(Excerpts from a dataset)
- - -
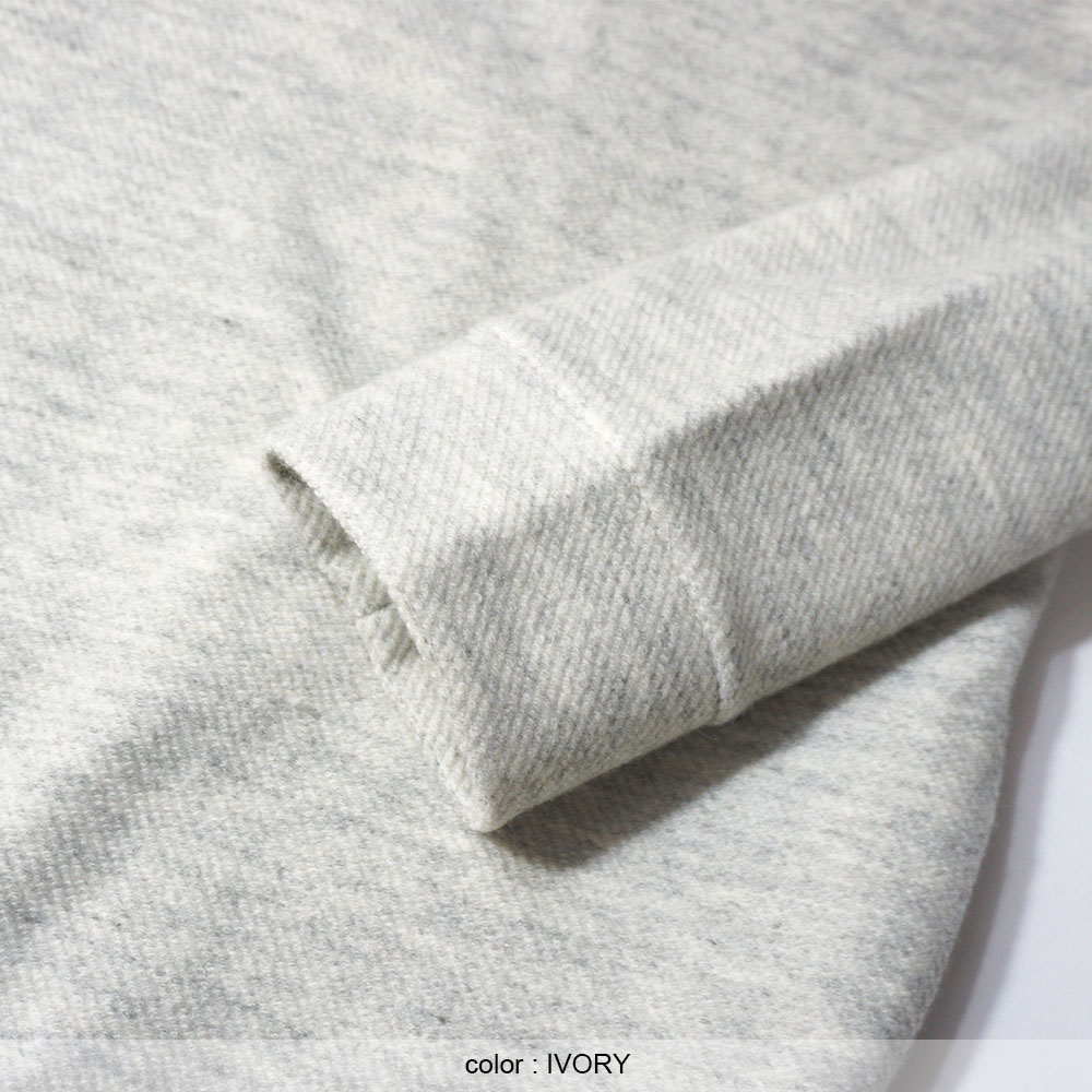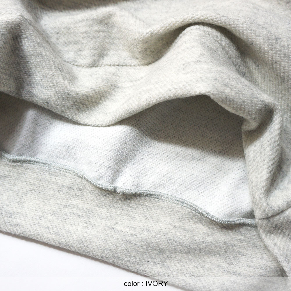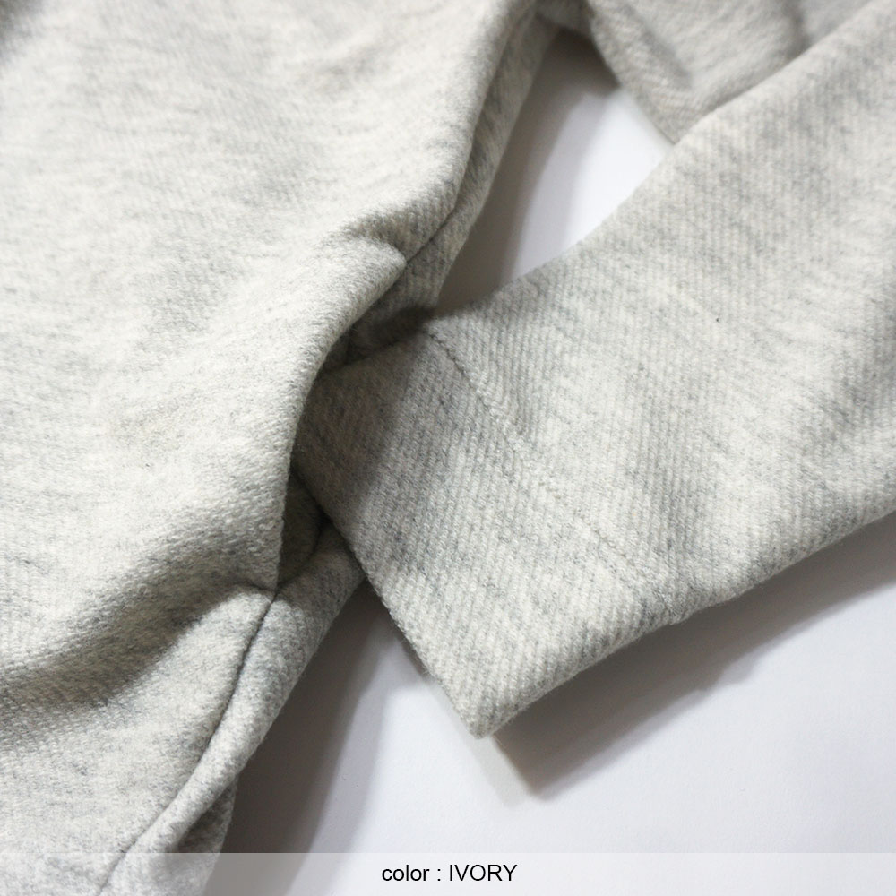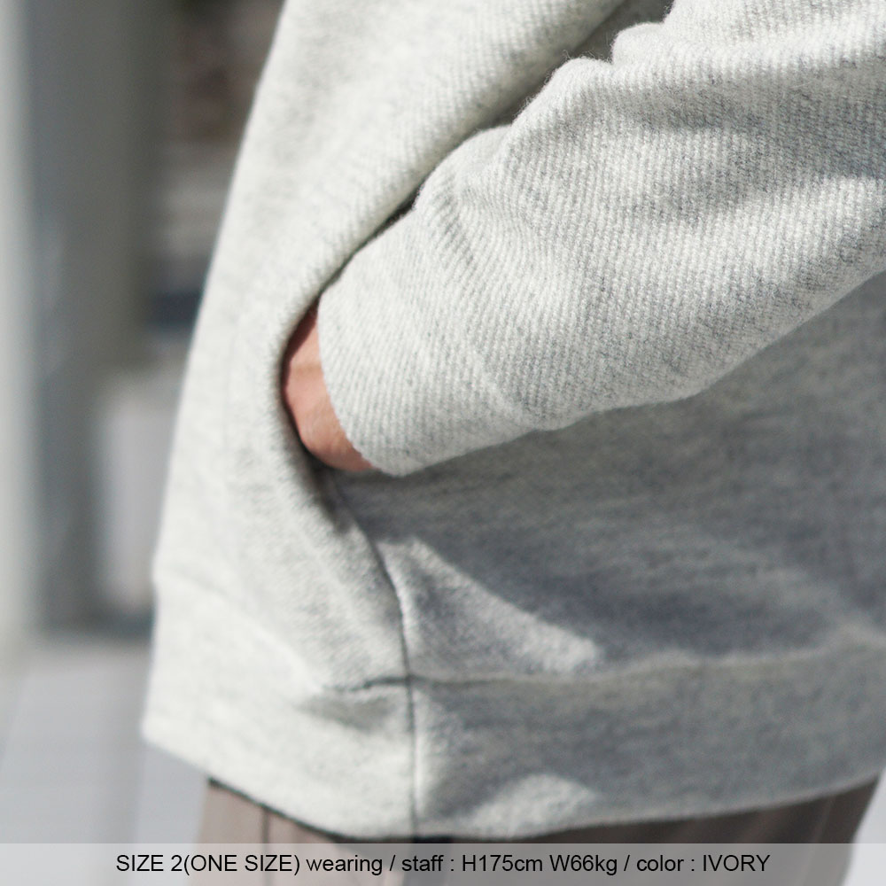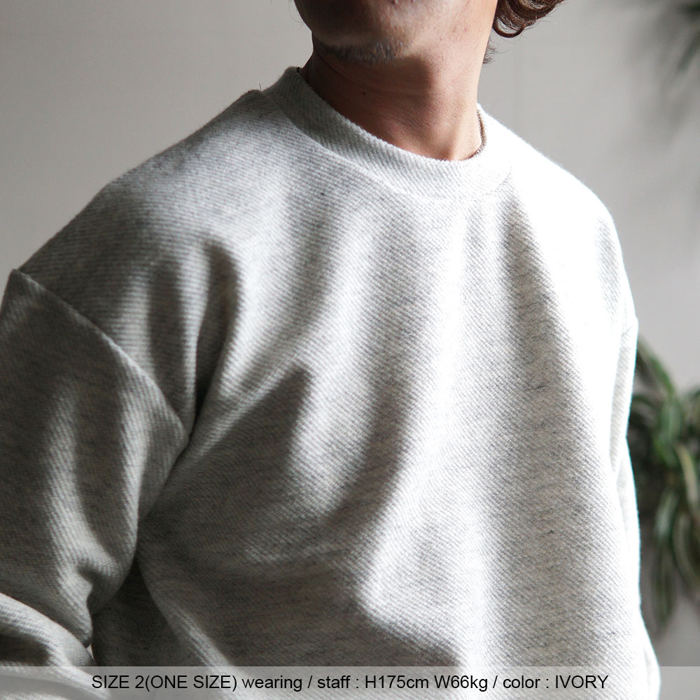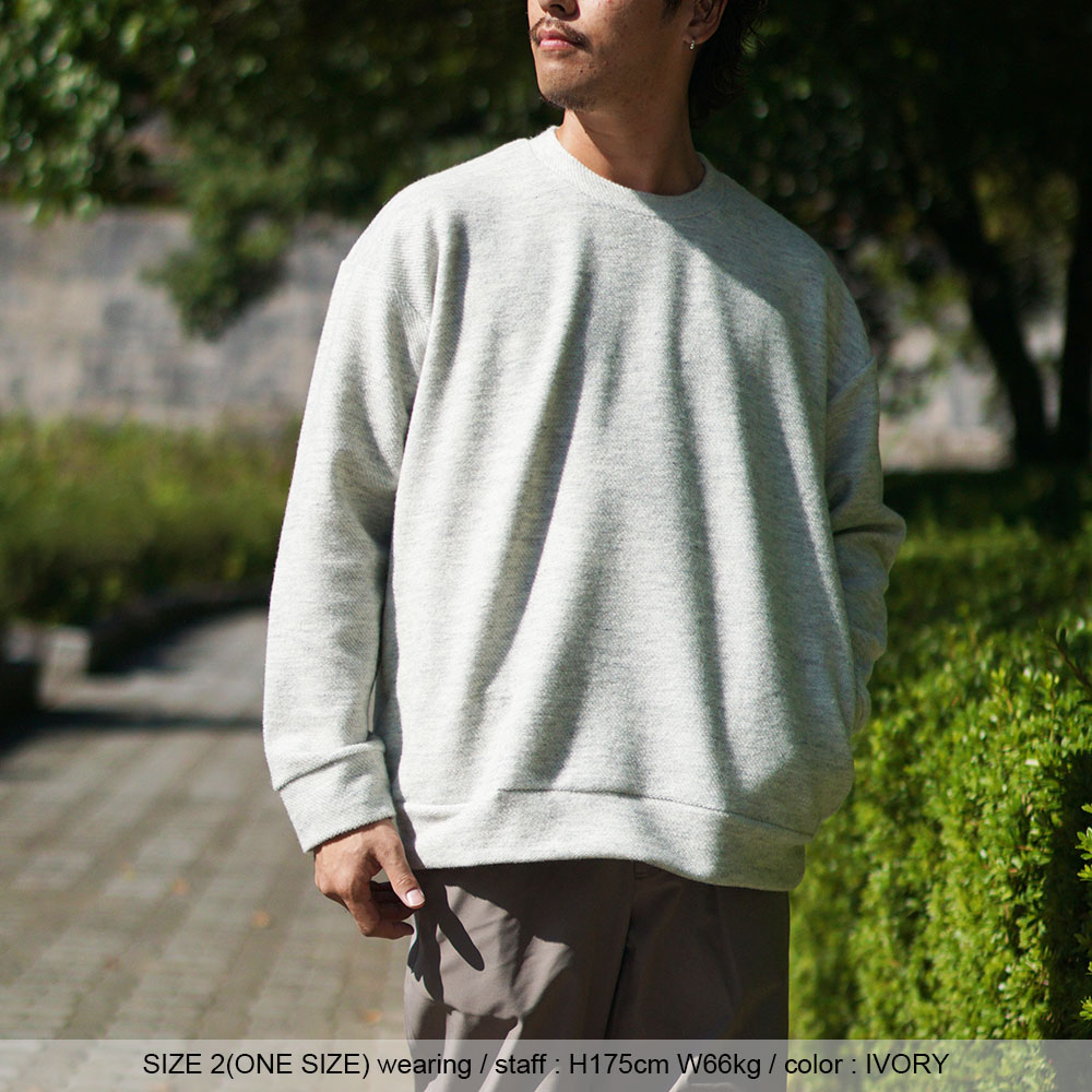 いわゆるスウェットよりも光沢感や毛羽があることで温かみある顔立ちですが、
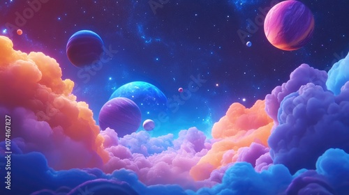 The watermark will not be included on Wall mural.: Vibrant deep space banner background featuring various stars planets and cloud formations illustrati
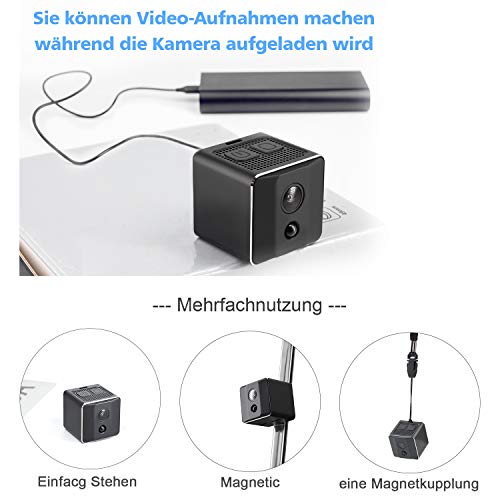 Mini telecamera wireless piccola e robusta, questa fotocamera ha un corpo in lega, solo un piccolo bit di una dimensione quadrata. Con longitudinale per appendere intorno al collo. Registrazione video e foto taking. Lente grandangolare wireless a 120 gradi. Ottima gadget e fotocamera per la sicurezza domestica. Luce invisibile durante il funzionamento. Visione notturna e movimento attivato. Innovativo supporto girevole per 360 gradi. Magnete forte sul retro. La fotocamera deve essere utilizzata con scheda micro SD (scheda micro SD non inclusa).
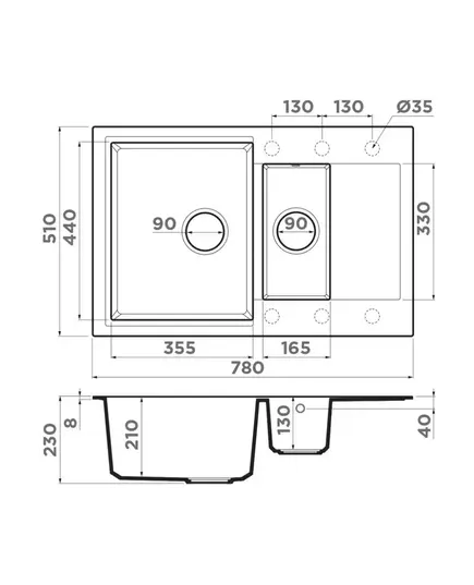 - Благодаря этому элементу мойка обретает устойчивость к воздействию различных кислот и щелочей, что гарантирует ее неизменный внешний вид.
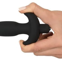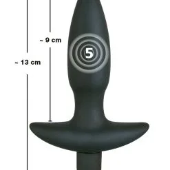 Zwarte buttplug met 5 vibratieniveaus met één druk op de knop. Met een terugtrekhandgreep. Volledige lengte 13 cm, insteekdiepte 9 cm. Ø 19 mm tot 27 mm. Materiaal: siliconen. (Batterijen a.u.b. apart bestellen: 1 x Mini penlight/AAA).
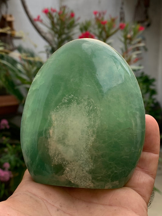 Fluorite verte, forme libre de 100 mm x 90 x 53 - 800 grammes. Belle qualité, magnifique pièce !
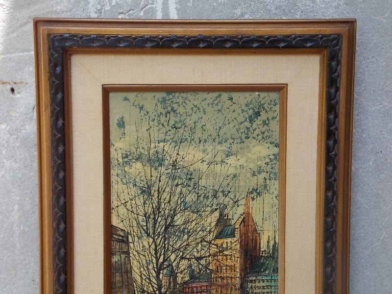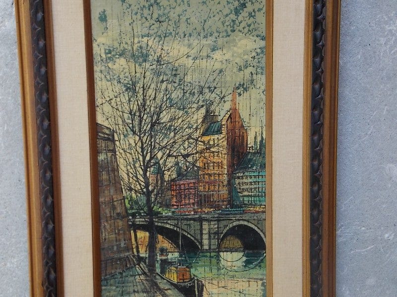 Very Bernard Buffett-ish oil on canvas depiction of a European waterway. So much like BB's works that I wonder if he ever worked under a pseudonym...hmm...yeah, let's go with that. Because this painting is that good and it's fun to imagine. And even if not, the craftsmanship exhibited in this piece stands up on its own. Sister painting in first pic is by B. Nardini and is available either together or separately. Frames are identical and as you can see the styles are strikingly similar and as such these two paintings complement one another quite well.
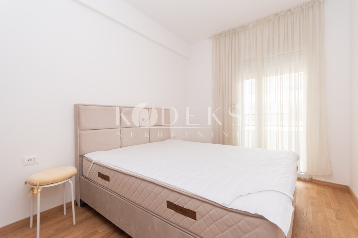 Izdaje se lijepo namješten jednosoban stan smješten na četvrtom spratu stambene zgrade kod Multikoma na Zabjelu.
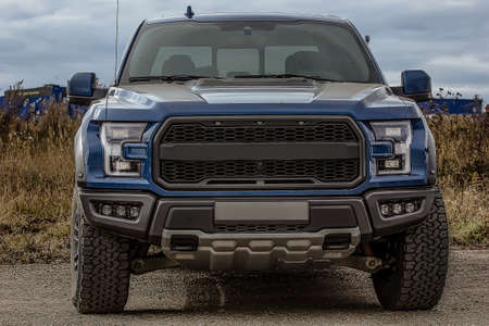 KUALA LUMPUR, MALAYSIA - DEC 3, 2019 : Close up front grill new Ford Raptor displayed at Kuala Lumpur International Motor Show
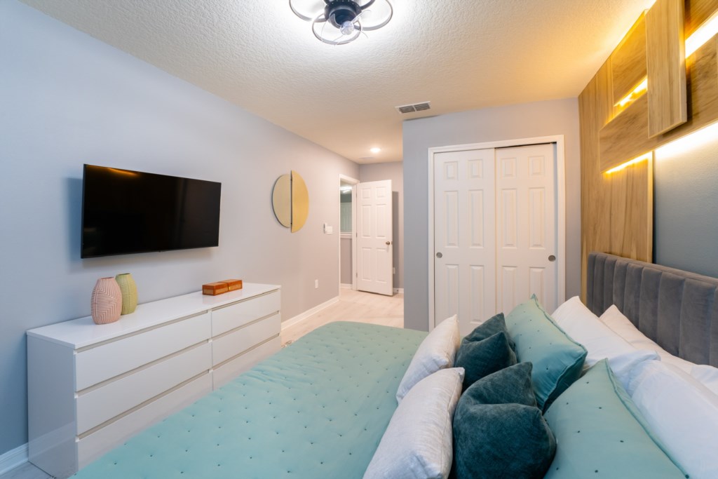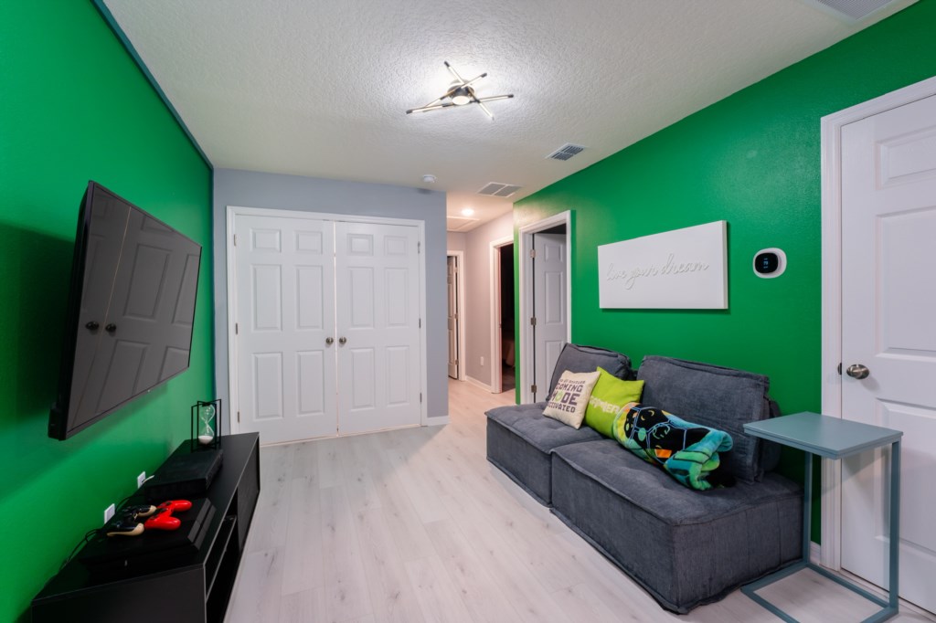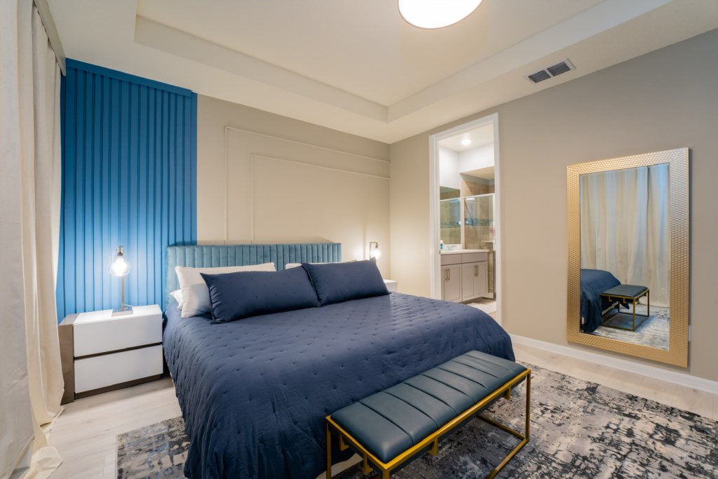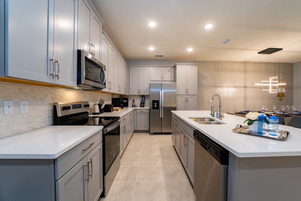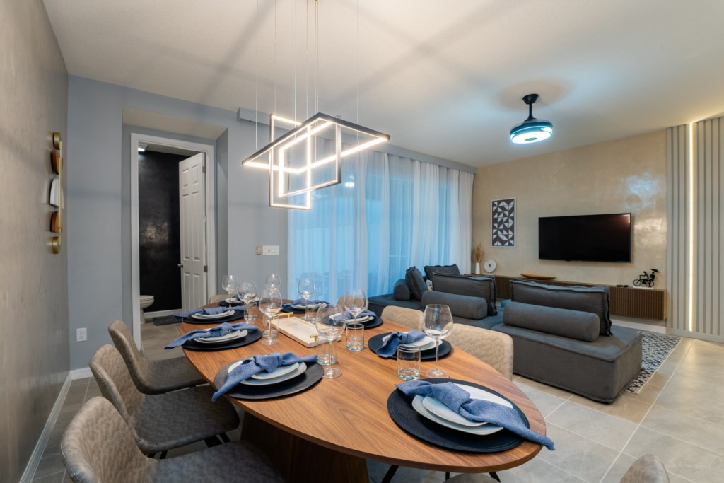 Modern Decor plus incredible amenities. This 5 bedrooms, 5 bathrooms plus game room Townhouse, beautifully decorated offers luxury and comfort for an unforgettable vacation! Located 15 minutes from Disney in the prestigious and popular Solara Resort. Amenities like Free Wi-Fi, Smart Tvs in all bedrooms, PS$, private heated pool, FREE BBQ Grill and full laundry .
- - -
- WHAT YOU NEED TO DO
Begin with the line that contains "KUALA LUMPUR, MALAYSIA" and repeat every line through the end of the data, exactly and only those lines, leaving out the pictures.

- ANSWER BOX
 KUALA LUMPUR, MALAYSIA - DEC 3, 2019 : Close up front grill new Ford Raptor displayed at Kuala Lumpur International Motor Show
 Modern Decor plus incredible amenities. This 5 bedrooms, 5 bathrooms plus game room Townhouse, beautifully decorated offers luxury and comfort for an unforgettable vacation! Located 15 minutes from Disney in the prestigious and popular Solara Resort. Amenities like Free Wi-Fi, Smart Tvs in all bedrooms, PS$, private heated pool, FREE BBQ Grill and full laundry .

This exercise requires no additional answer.